Elian stayed hidden in the shadows, watching in silence as the children slaughtered each other.
He didn't move or even breathe too loudly, just waited. Until finally, only one of them remained.
The last boy stood over the others. His chest heaving with quick breaths and his sword soaked with the blood of his friends.
His body was covered in cuts, his clothes were torn, his face splattered with blood, but he was grinning.
The dim scattered glow of the orange chest crystals on the ground cast enough light for Elian to see the eerie expression stretched across the survivor's face.
Then the boy reached toward the soft white glow—the Relic—and the moment his fingers touched it, his entire body was swallowed by its light.
The brilliance lasted only a few seconds. When it faded he was still there, standing tall.
He looked down at his arms in disbelief and laughed.
"HAHAHAHAHA!"
His wounds had vanished. His skin was smooth where it had been torn just moments ago.
"I got one! I got a Relic!" he mumbled in dazed joy, then let out a shaky laugh.

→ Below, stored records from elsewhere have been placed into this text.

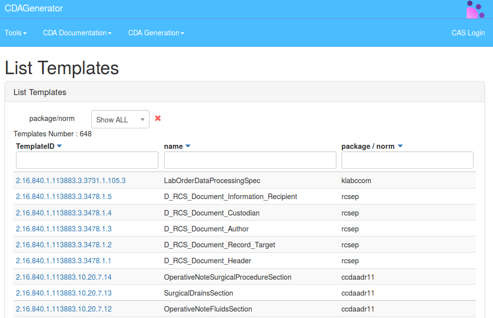 All the templates described and validated by CDAGenerator are documented by the tool.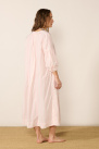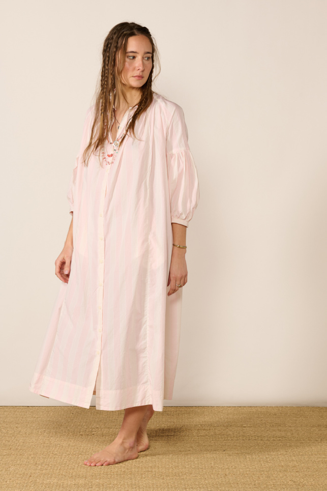 Son design à larges rayures roses et crème est sublimé par des détails froncés au niveau de l’encolure et des manches.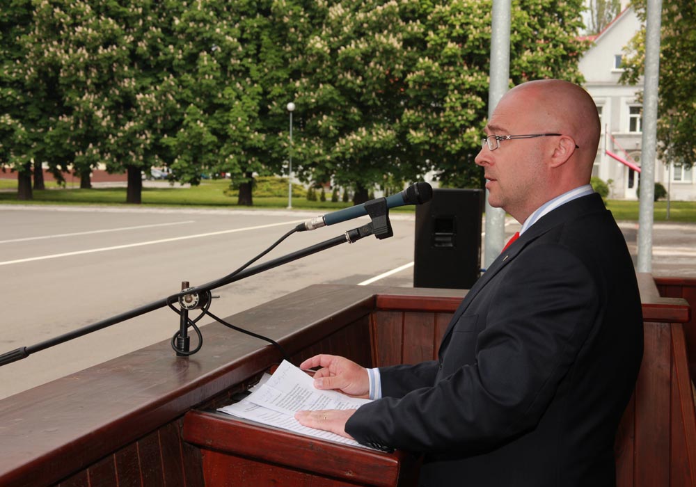 Milan Kovanda předává bojový prapor jednotky do rukou ředitele Vojenského zpravodajství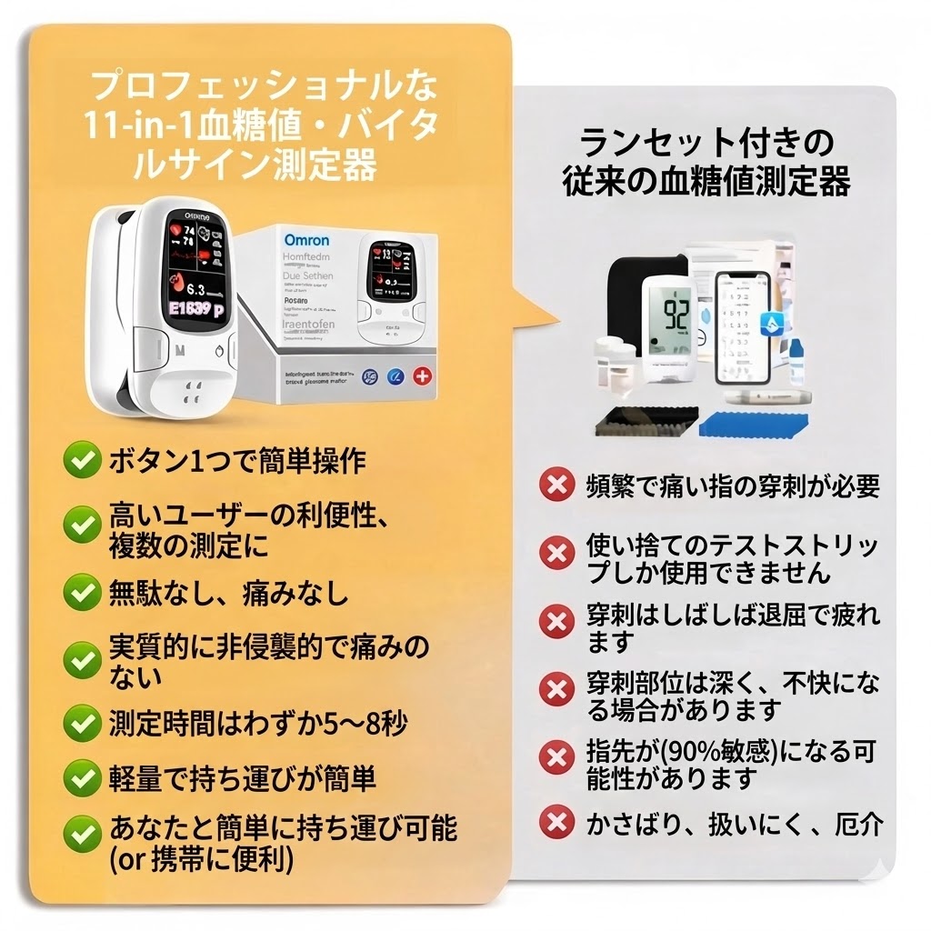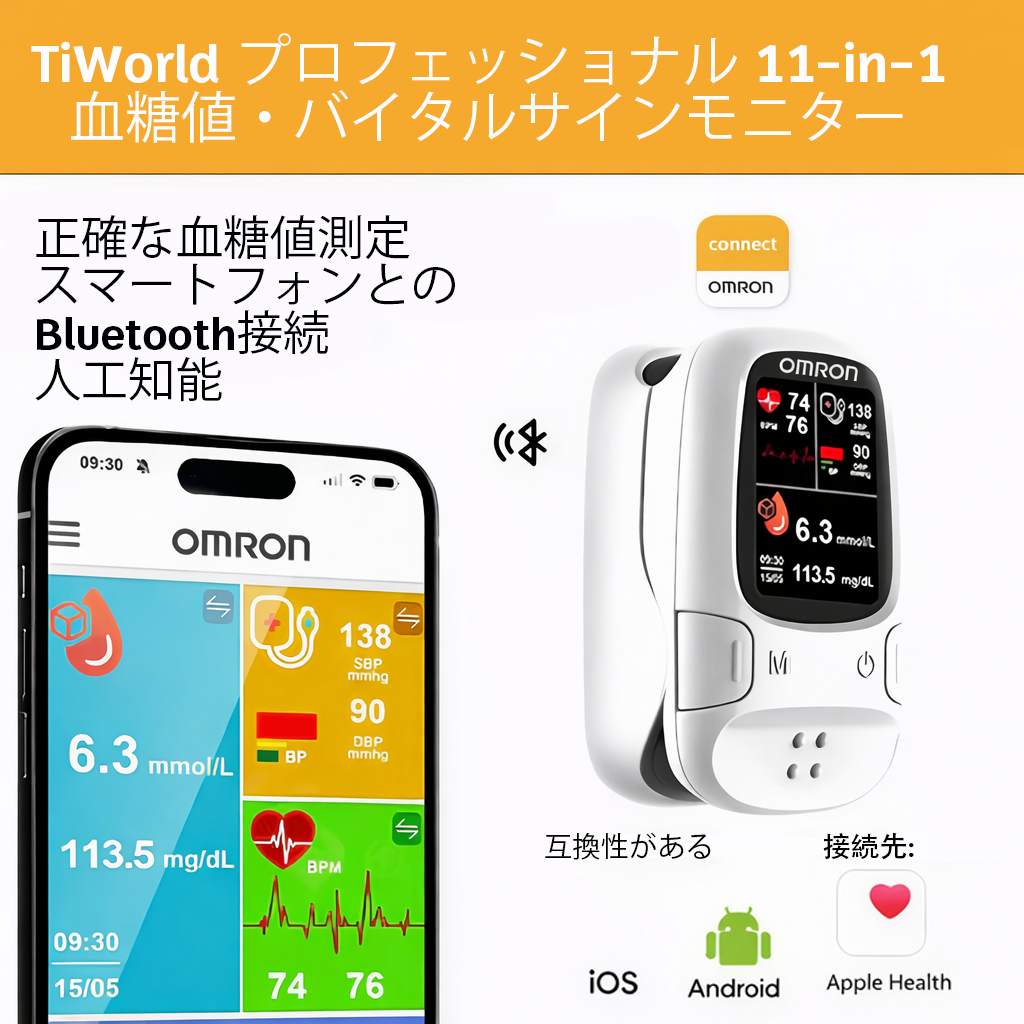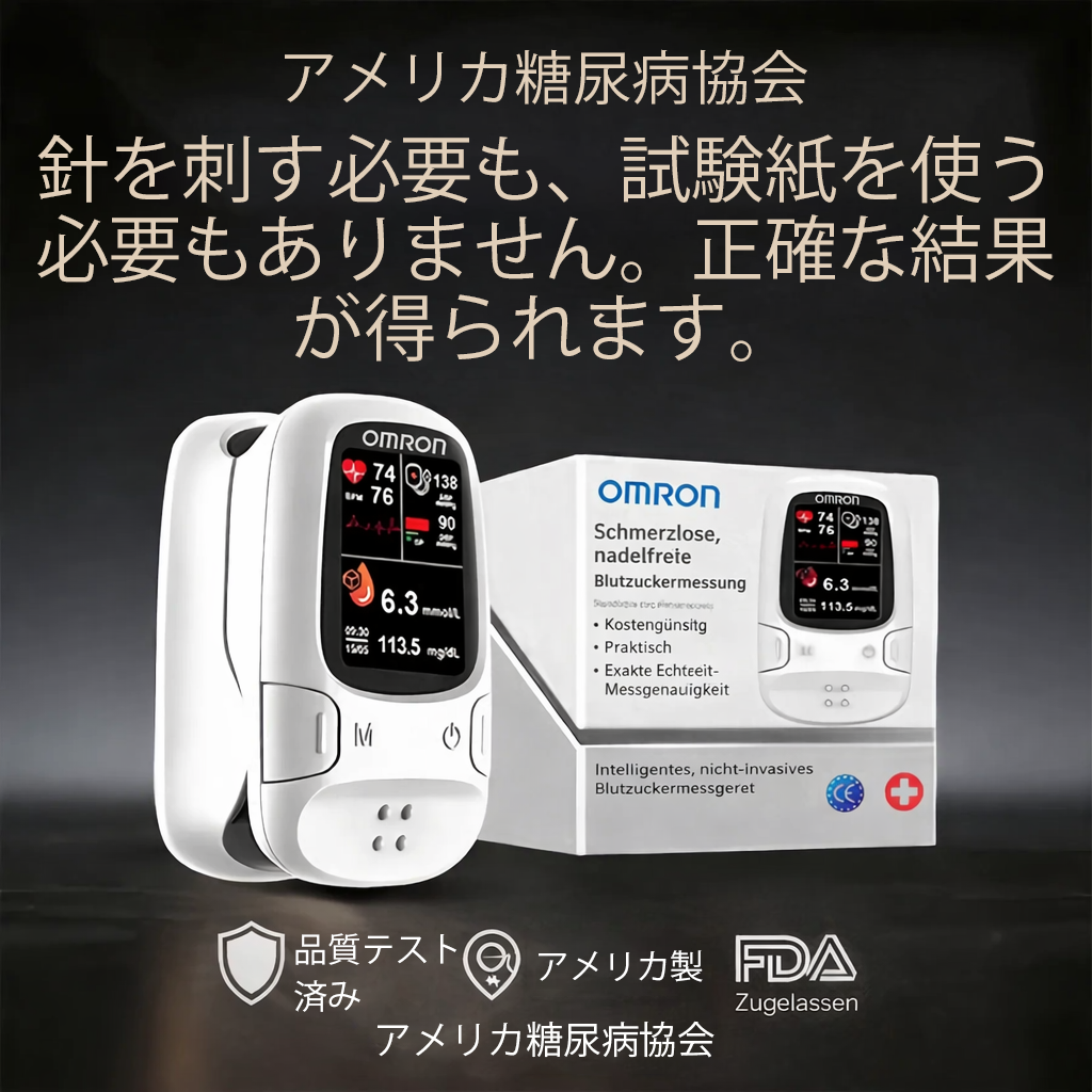 極めて安全で、従来の試験紙の3倍の精度:Omron™で血糖管理が簡単になります!

But the laughter died a moment later.
His body went stiff as he slowly turned his head. His gaze scanned the blood-soaked floor and the broken corpses of the other children who had once been his allies.
The realization hit him like he was just seeing them for the first time. His knees buckled and he collapsed onto the ground. A choked sob escaped his throat as tears poured out and mixed with the blood on his face.
From a distance, Elian watched it all with a grimace etched across his face.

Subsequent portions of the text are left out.